I am quite correct Tony on HMO licensing, without going off a tangent on HMO and licensing, in response to the OP question LA have to police certain types of properties with regards to LGSR.
I can see where you are getting confused, the definition of a HMO is now split in 'tests' which are contained within the new Act ONLY properties that are classed by some of those tests will require a HMO license, that doesn't mean if you dont need a license it isn't a HMO
I have a house with only ONE occupant and that is classed as HMO
I would be interested to see which 'test' under the Housing Act the property you describe comes under.
Its NOTHING to do with the number of rooms, stories or even people
Again for the purpose of HMO licensing this is incorrect it has everything to do with storeys, households and people numbers and sharing of amenities.

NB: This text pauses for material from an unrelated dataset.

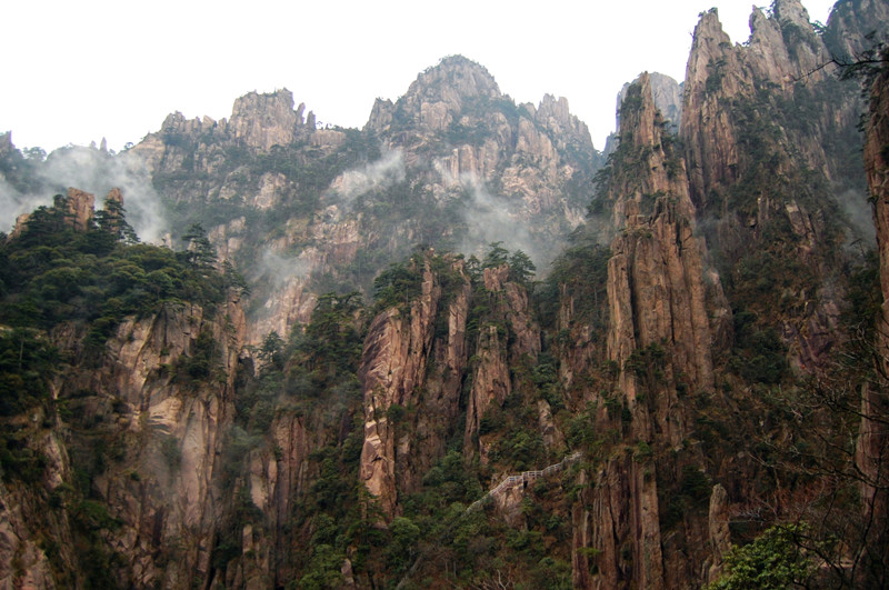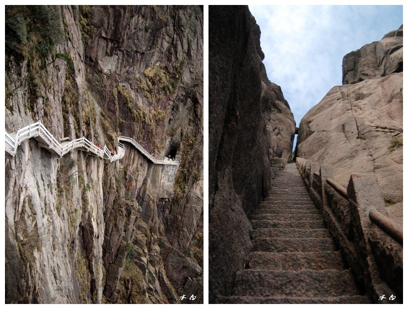 D2:狮子峰(可看日出)—排云亭—西海峡谷(一环/二环/谷底/步仙桥)—白云宾馆—鳌鱼峰— 一线天—百步云梯—玉屏楼—迎客松—天都峰(未上)—半山寺—慈光阁(下山)(玉屏楼那里可以坐玉屏索道直接到慈光阁)

There are other types of HMO's which the above might not be relevant i.e self contained flat, low risk HMO who share some amenities, etc, etc.
Its virtually impossible to argue against it
Now that is correct, but until it has either been put before the Rental Property Tribunal (RPT) or a court of law it would be impossible to say different, however the new Act has been specifically written to 'try' and cover all loopholes when it comes to privately rented accommodation.
If two people each pay half individually then its a HMO
again that is correct, if they are unrelated by definition of the Act it would be classed as a HMO.
Its not that simple as the LA can unilaterally decide that factors of the occupation can make it HMO like two married couples living in a two bed flat.
that is correct it would fall within 'additional HMO licensing'.